Google’s DeepMind division has developed some interesting and impressive AI models, including one that makes you (and almost anyone else) play StarCraft II better. DeepMind isn’t just interested in AI for playing games. Last year, the company unveiled AlphaFold, a machine learning model that can predict the shape of proteins. Now, DeepMind has announced that it has created structures for all 200+ million proteins in the centralized UniProt database. This is a big deal for basic biological research as well as efforts to tackle some of the most pressing scientific problems of our time.
Proteins are the basis of all biological life on Earth, but even if you know the amino acid sequence of a protein, that doesn’t mean you know what it does or how it works.
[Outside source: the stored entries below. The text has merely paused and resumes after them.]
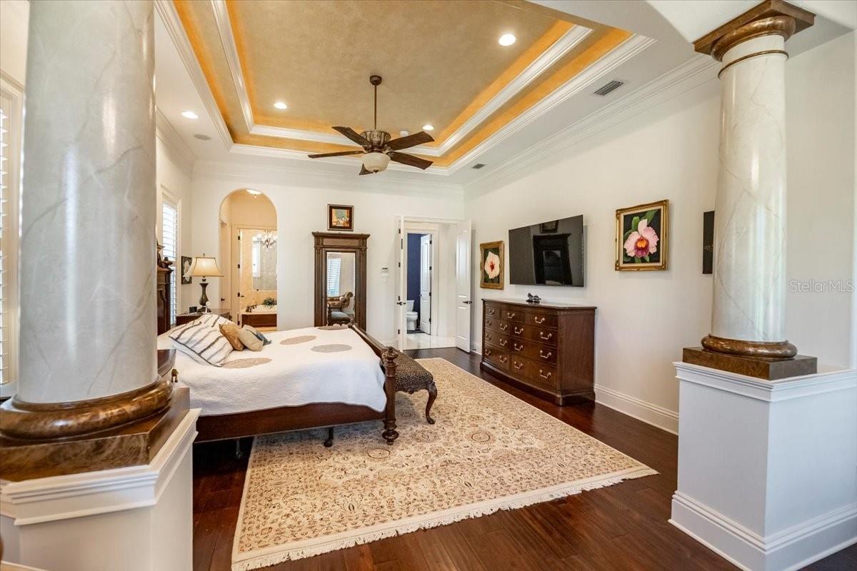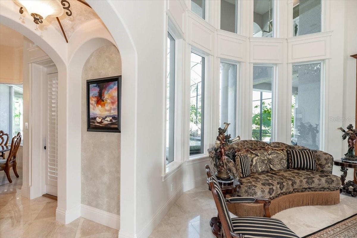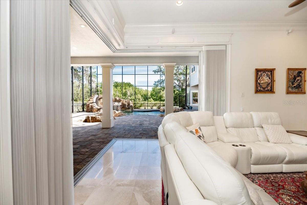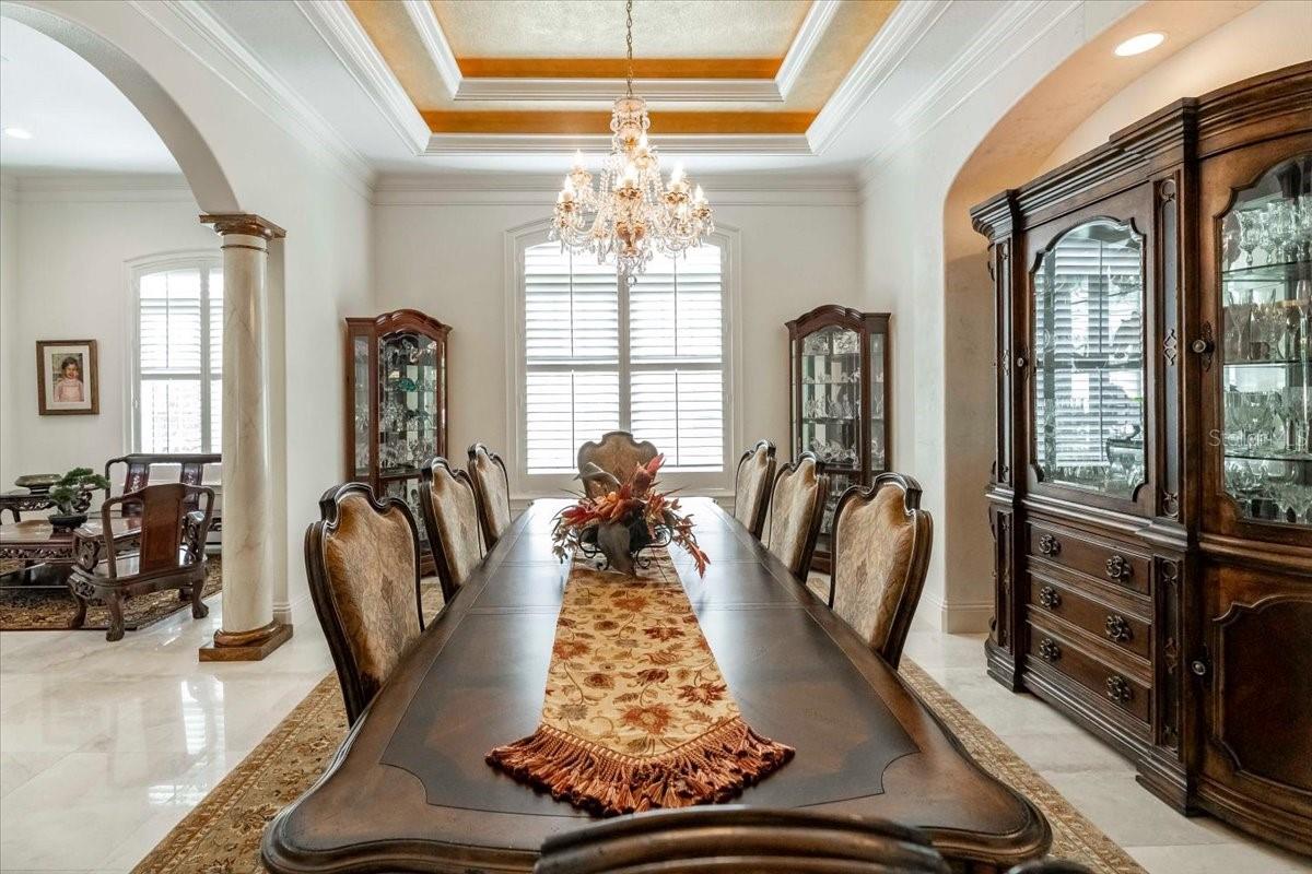 **A Masterpiece of Architectural Grandeur in Canterwood** BRAND NEW ROOF 7/2025 Nestled within the highly desired, gated enclave of Canterwood, 460 Canterwood Drive stands as an opulent testament to masterful craftsmanship and timeless elegance. Conceived by the esteemed Olivera Construction in 2010, this palatial estate sprawls across 2.25 meticulously landscaped acres, enveloped by the tranquil embrace of an HOA-maintained pond. Upon entry, a grand foyer welcomes you with soaring ceilings and a breathtaking wrap-around cascading staircase, an architectural marvel that gracefully ascends to the second-floor loft enhanced with a built in sauna for the health enthusiast. This dramatic entry sets the tone for the home’s unrivaled sophistication, where over 6,300 square feet of living space is designed to accommodate both intimate gatherings and grand-scale entertaining. Five lavishly appointed bedrooms, an executive office, and an inspiring art studio offer both sanctuary and space, while a floor plan tailored for multiple living arrangements ensures versatility without compromising luxury. At the heart of this estate lies a chef’s kitchen, where culinary aspirations meet professional-grade appliances, custom cabinetry, and seamless flow into the expansive living areas. The game room, complete with a bar, boasts an oversized balcony, offering a stunning vantage point to take in the serene landscape. Both the game room and the family room feature corner sliding glass doors that vanish when opened, dissolving the barrier between indoors and out, and creating an unparalleled entertaining experience. Step outside to a private resort, where a sprawling saltwater pool and hot tub—enhanced by a cascading waterfall and exhilarating slide—invite endless relaxation and recreation. With 9,500 square feet under roof, this estate masterfully blends indoor opulence with outdoor splendor, ensuring every space is as captivating as it is functional. A home of this caliber is not merely a dwelling—it is an experience, a statement, a legacy. Behind the exclusive gates of Polk County’s most coveted community, 460 Canterwood Drive stands as a beacon of luxury, ready to welcome its next discerning steward.
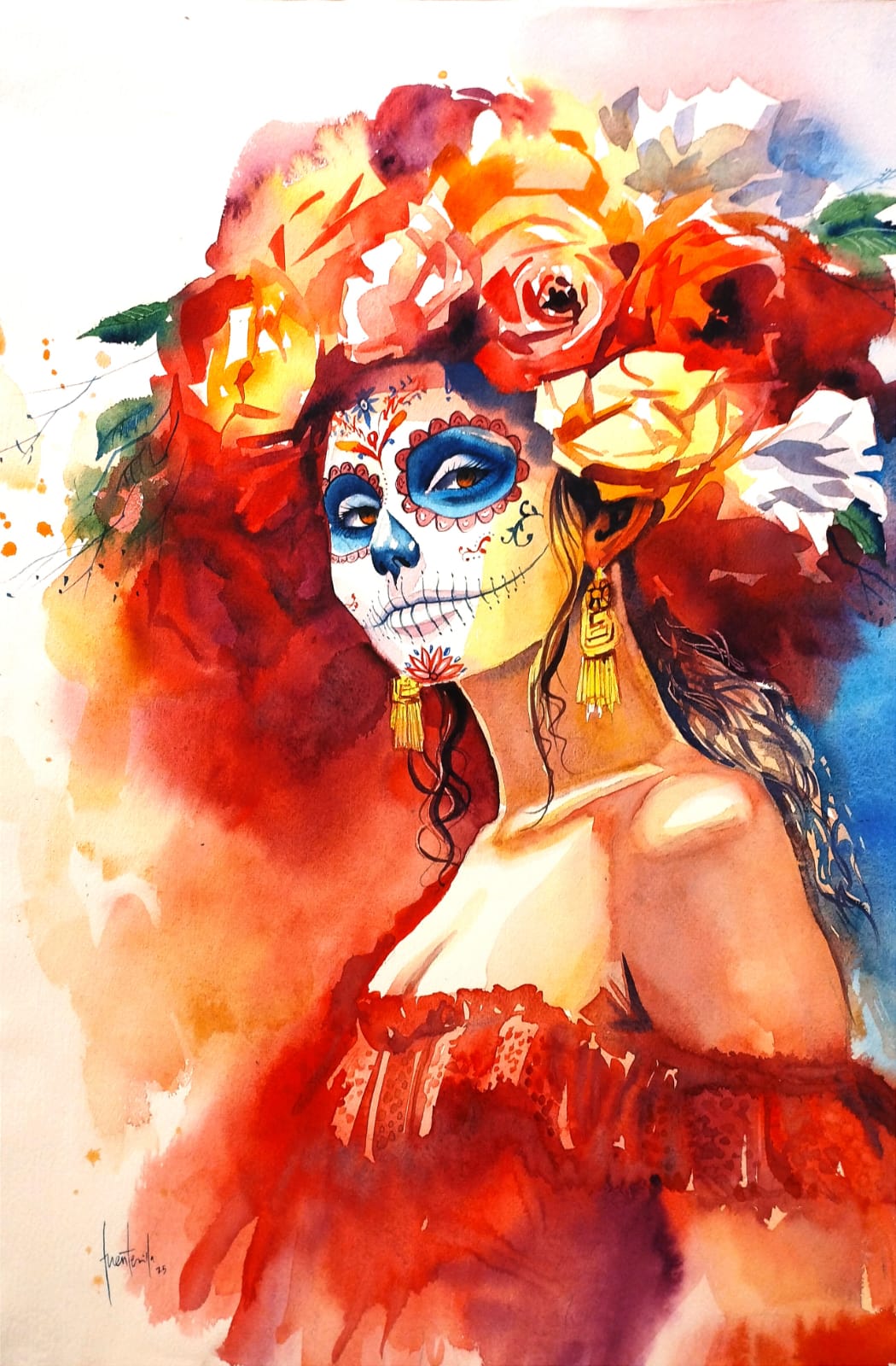 As a painter, Catrina Roja is my tribute to the beauty, elegance, and mystery of life and its ultimate end.
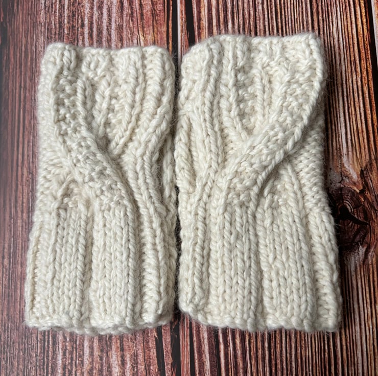 These exquisite hand-knitted cashmere wristwarmers, designed by Sandra, offer the perfect blend of warmth and sophistication. The intricate cable detailing adds a touch of elegance, while the ultra-soft cashmere provides exceptional comfort. Ideal for crisp mornings or layering through the colder months, they bring effortless luxury to everyday wear.
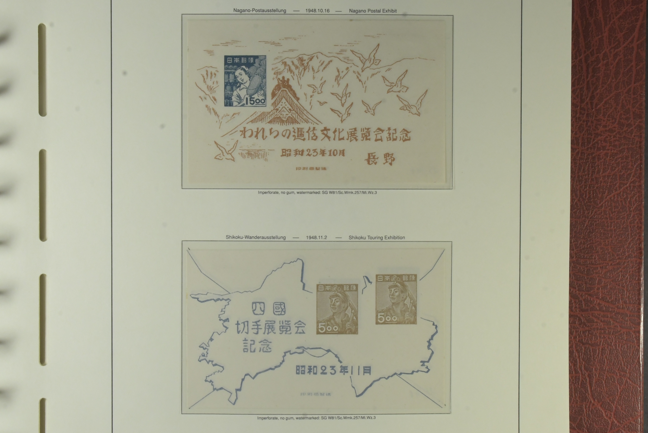 Japan. Collection mostly ★★ 1871–1951 in Leuchtturm album with stamp mounts. Quite sparsely filled (especially until 1937), however with many 'important' items as mini sheets. Fine quality. (>400)
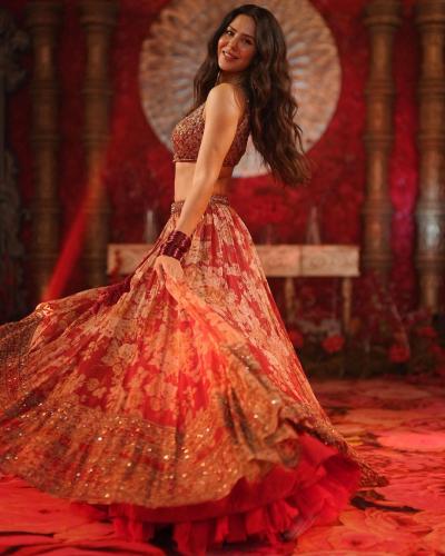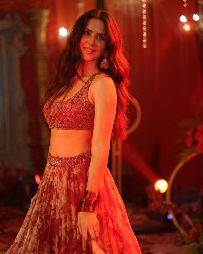 इन तस्वीरों में सोनम बाजवा एक लाल रंग के लहंगे में नजर आ रही हैं. जिसमे वो बहुत खूबसूरत लग रही हैं। (फोटो: इंस्टाग्राम)
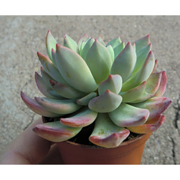 Drobná Echeverie s modrozelenými růžicemi ojíněných listů, které mají načervenalý nádech na okrajích. Zvonkovité, červeno-růžové květy jsou uvnitř žluté. Pochází z Mexika. Expedujeme rostliny: Ø květináče 5,5cm.
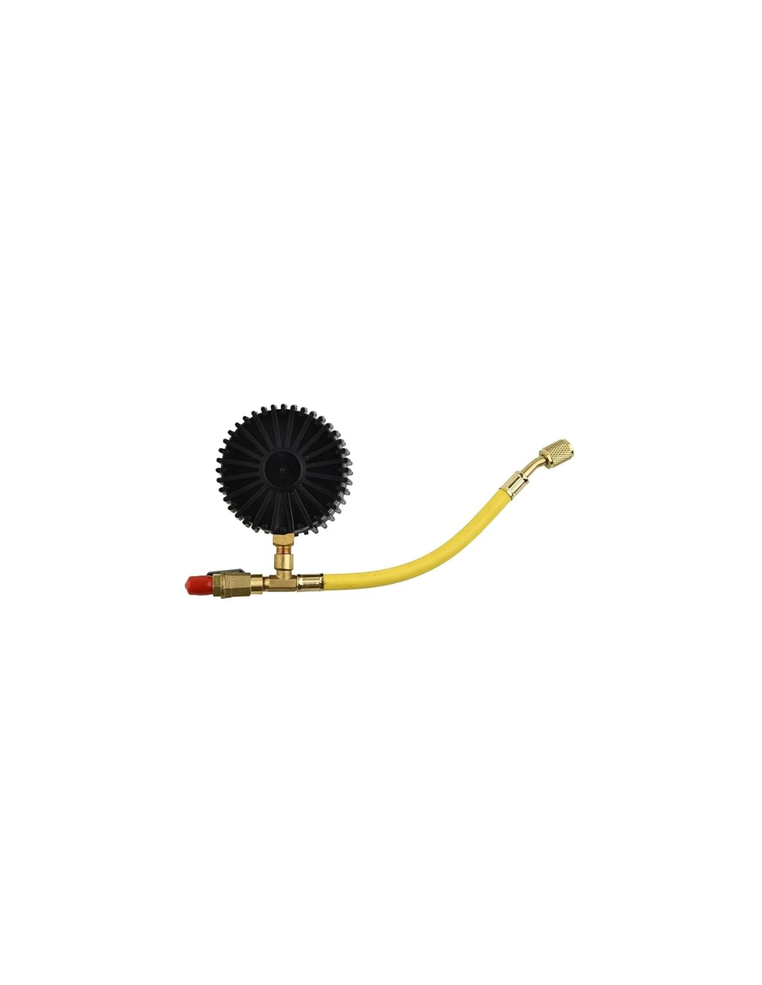 1 litre (0.8 kg) R32 refrigerant gas cylinder, complete with 1/2 valve, integrated pressure gauge and hose for simple, safe and controlled recharging of air conditioning systems.

A protein’s sequence gives it a pattern of positive and negative charges, hydrophilic and hydrophobic regions, and cross-linked segments. This is what determines the protein’s active shape, or “conformation” as it’s known in the lab, and the structure of a protein is what gives it its function. Even a few mistakes in structural predictions can be the difference between an enzyme that correctly catalyzes a reaction and one that does literally nothing.
Determining the structure can be a laborious process, often relying on advanced techniques such as X-ray crystallography. AlphaFold helps put that data into context with highly accurate conformation predictions. In the video below, you can watch a team from the University of Colorado, Boulder talk about the challenges of studying proteins involved in bacterial resistance to antibiotics. The team spent ten years puzzling over the shape of a protein that Alphafold was able to predict in just a few minutes. This is possible because Alphafold has been trained on more than 170,000 known protein structures, giving it the ability to predict what new sequences will look like in 3D.
When DeepMind announced Alphafold last year, it decided to make the Alphafold database freely accessible. At the time, there were just over a million structures available, making a 200-fold increase over the past 12 months quite impressive. DeepMind says Alphafold has been cited in more than 4,000 scientific papers since its debut and could help scientists understand important topics such as antibiotic resistance, food safety and the effects of plastic pollution.
With the entire UniProt database now complete, DeepMind will provide a predicted sequence directly on the web page. The complete database of all 200 million structures will be available as a bulk download from a Google Cloud public database.